AI UI builders can generate visual interfaces quickly, but blind developers still need fast, practical feedback about what changed visually, whether the result feels polished, and what prompt to try next. MUSE turns UI output into reviewable text and optional speech so the design loop can stay keyboard-first and voice-first.
- Next.js App Router
- TypeScript
- Tailwind CSS
- Groq for structured review and speech-to-text
- ElevenLabs or AWS Polly for text-to-speech
- DynamoDB for persisted review sessions, user profile, and compact MUSE memory, with browser local fallback
- Server-side PageMap extraction for URL/code navigation guidance
MUSE now routes each call turn through a conversation controller before using a model.
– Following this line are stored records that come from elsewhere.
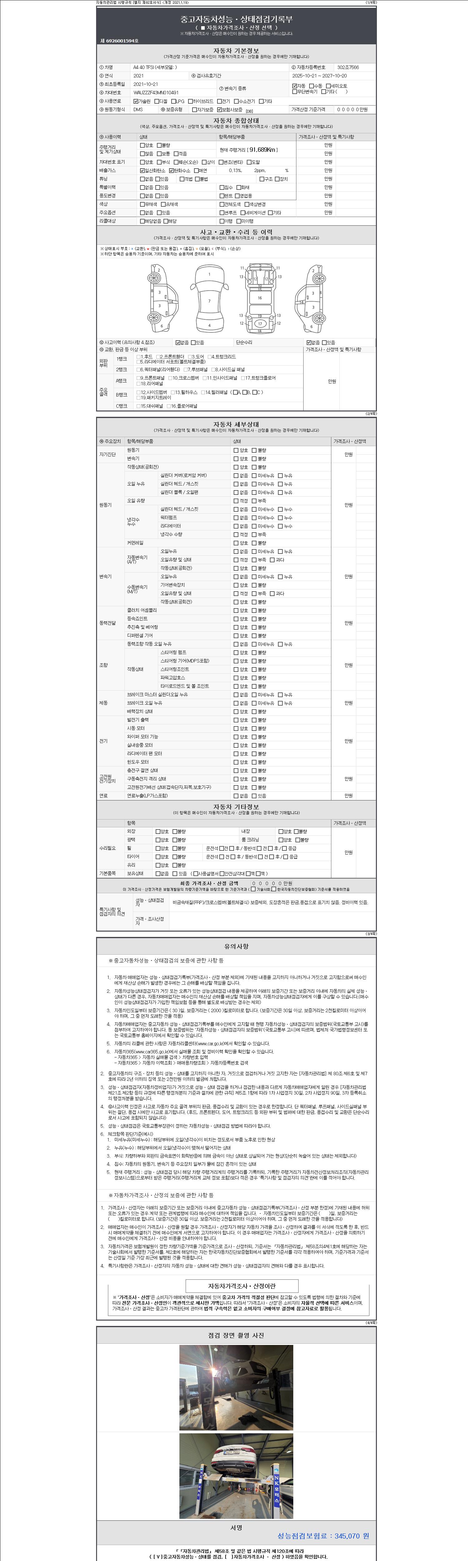 2. 차량 등록증이나 성능점검지 등을 상담자에게 요청및 확인하시고 사전에 미리 점검 하시기를 권유드립니다.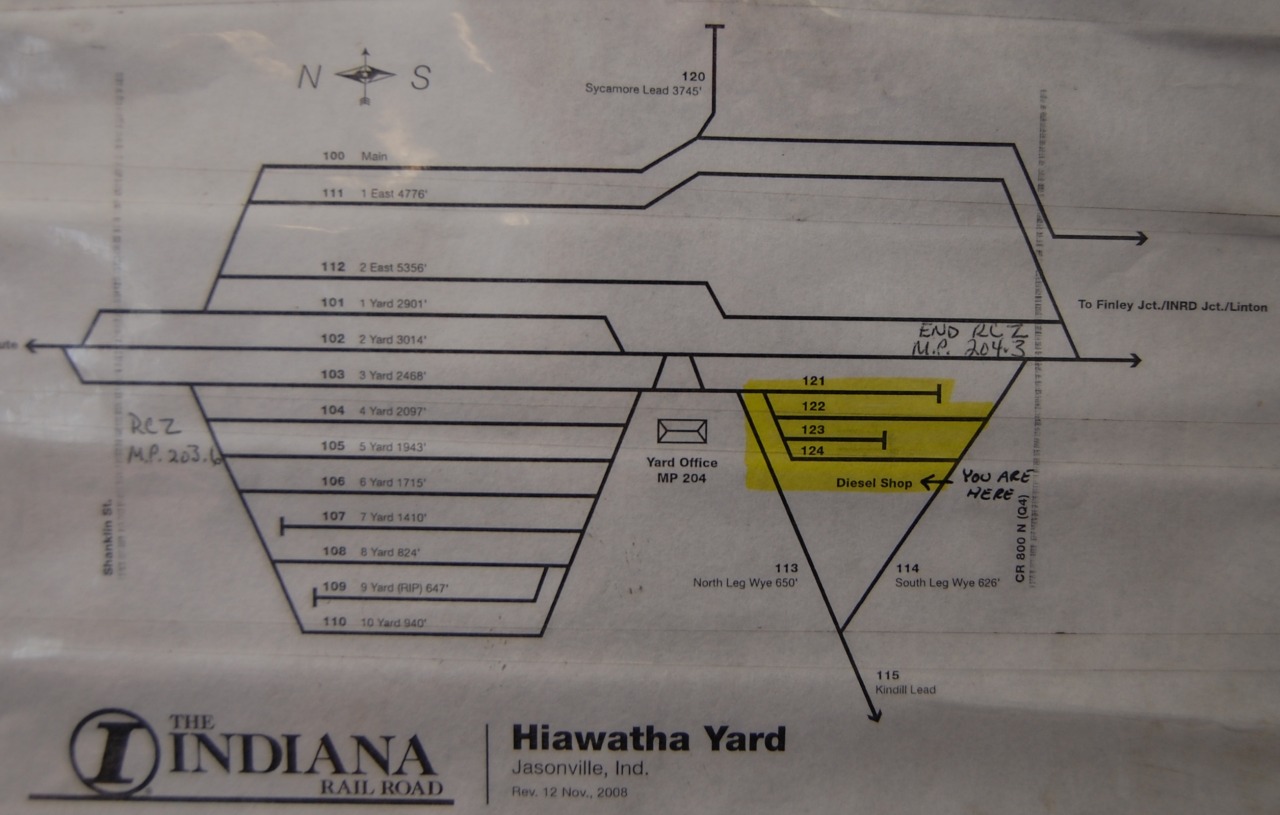 Just south of the town of Jasonville, you will find Hiawatha yard, which is it’s new name. The CP/SOO/MILW name was Latta yard, supposedly named such due to the farmer which owned the land the yard lays on before the railroad. Hiawatha is the main classification yard for the INRD. It is here that cars are blocked for travel Louisville, Indianapolis, Palestine, Terre Haute, Chicago, Bedford, or ISRR interchange. The yard is also the site of the primary engine servicing facility for the road. Everything except for traction motor and wheel work is done here. The facility itself is an old brick structure dating from the early MILW days, the shed for the shop is a former MILW baggage car. Near the shop is a full wye which connects to a branch currently used to store cars, The wye itself is often used to turn locomotives. On the south end of the yard is the connection to the INRD Midland sub, the primary way used to access the INRD Indianapolis Sub.
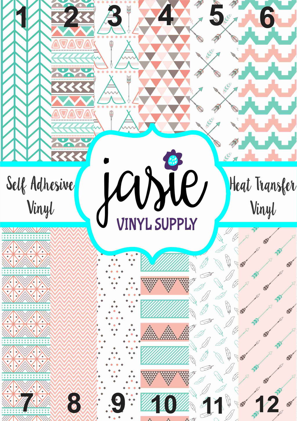 Tribal Pink Brown & Teal Printed Vinyl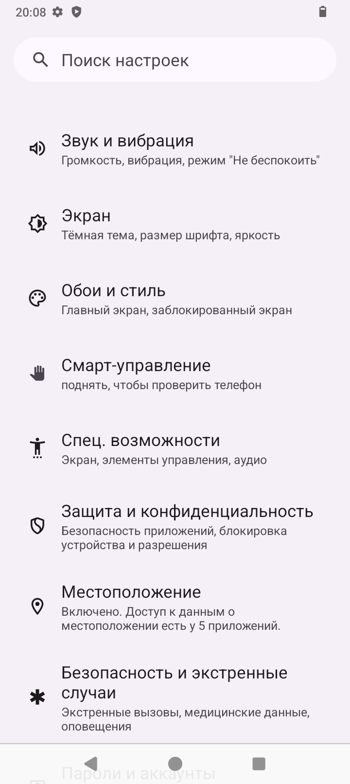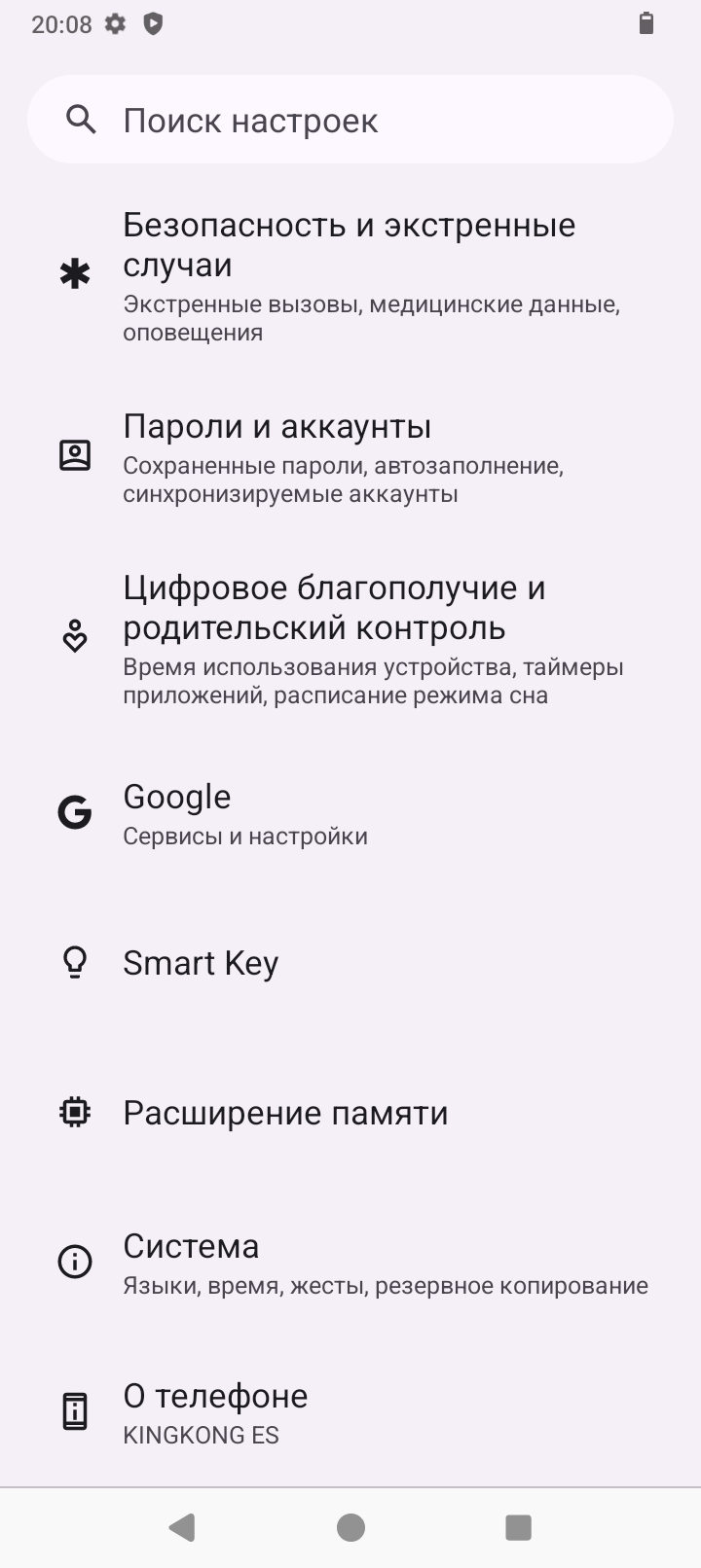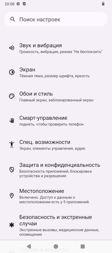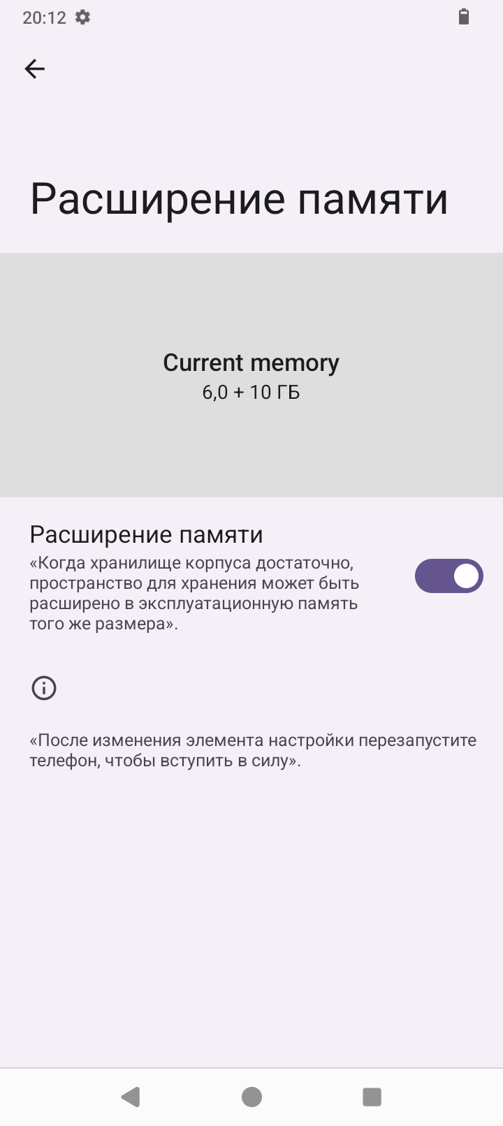 Аппарат базируется на операционной системе Android 14, его оболочка не имеет никакого лишнего софта, пункты меню локализованы процентов на 90. Управлять привычно при помощи быстрых инструментов в шторке, кнопок или жестов. Система занимает 9ГБ из 126ГБ ПЗУ. Оперативную память 6ГБ можно увеличить на 10ГБ при помощи опции расширения памяти из виртуальной области постоянной памяти.

The controller classifies intents such as onboarding, overview, current section, next section, list actions, design critique, accessibility review, revision comparison, v0 prompt generation, preference memory, and session end.
- Deterministic PageMap intents answer without model calls and use mapped page title, section labels, nearby sections, actions, warnings, and the current goal.
- Call start greets once, then either asks for missing UI input or orients the user to the mapped page.
- Onboarding stores a heard name as pending first and asks for confirmation before saving it permanently.
- Preference memory only stores explicit user statements, such as preferring clean minimal layouts or prioritizing screen-reader clarity.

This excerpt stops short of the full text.